7% and 47. 4%, respectively. Trichostatin A mw At later points in time, DNMT activity was stably reduced by approximately 20% in both cell lines, except for the 24 and 72 h time point in HepG2, where an in hibition of more than 40% was observed. Expression of DNMT1, DNMT3a and DNMT3b were then investigated by quantitative real time RT PCR. Panobinostat treatment significantly repressed mRNA for DNMT1 and DNMT3a in both cell lines while no changes were observed in DNMT3b levels. These findings were corroborated by westernblot analysis showing a strong reduction of DNMT1 and DNMT3a protein in both cell lines but not of DNMT3b. Here, only a transient decrease in protein levels was observed after 24 to 48 h in both cell lines.

Although mRNA levels in total were rapidly decreased by panobi nostat, protein expression was significantly reduced after only 24 h and remained suppressed until 72 h for DNMT1 and DNMT3a. Effects of panobinostat on target gene methylation and expression in vitro We next investigated whether the inhibition of DNMT activity and expression is also reflected on the methyla tion pattern of known hypermethylated tumor suppres sor genes. In order to do so, quantitative methylation specific PCR was performed for APC and RASSF1A in cells treated with 0. 1 uM panobinostat for 6 to 72 h and expressed relative to the levels of untreated controls at the given points in time. Overall, Hep3B cells seemed to be more sensitive to the DACi mediated inhibition of DNA methylation as shown by a significant and strong reduction of methylated APC after only 6 h.

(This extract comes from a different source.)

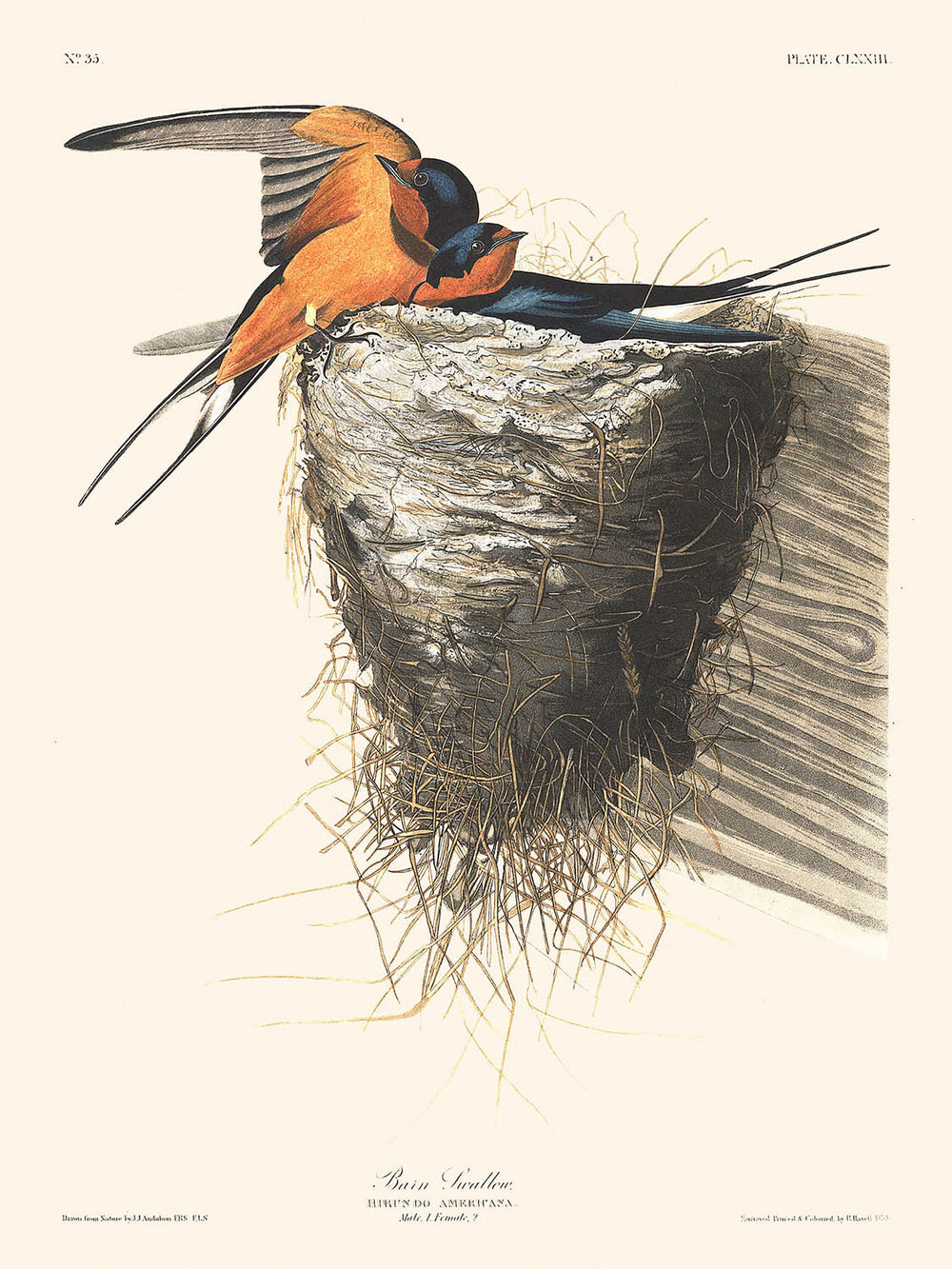 Barn Swallow (Plate 173) is an exquisite avian illustration from John James Audubon’s renowned series, Birds of America. This cherished depiction, first published in 1827, captures the fleeting elegance and spirited demeanor of the Barn Swallow with remarkable precision.

While methylation was suppressed by approximately 80% here, APC methylation returned to the level of untreated controls after 24 h. RASSF1A showed a slight reduction in methylation at 12 h but only proved to be significant at 72 h. In HepG2, APC methylation was significantly reduced after only 24 h of treatment while no change Drug_discovery was observed for RASSF1A. In line with the reduction of methylation, an increased expression of APC was observed in both cell lines, reaching the highest level at 48 h for Hep3B and at 72 h for HepG2, respectively. Observation of methylation of RASSF1A showed no significant change in expression induced by panobinostat. Panobinostat influences methylation and gene expression pattern in vivo To address whether panobinostat also influences expres sion of DNMTs and related target genes in vivo, we ana lyzed HepG2 xenograft samples from a previously described nude mouse model. Animals were treated with daily intraperitoneal injections of 10 mg kg panobi nostat. After only 1 day expression of all DNMTs were reduced by approximately 40% compared to untreated controls. The observed reduction in expression was sta tistically significant for DNMT1 and DNMT3a.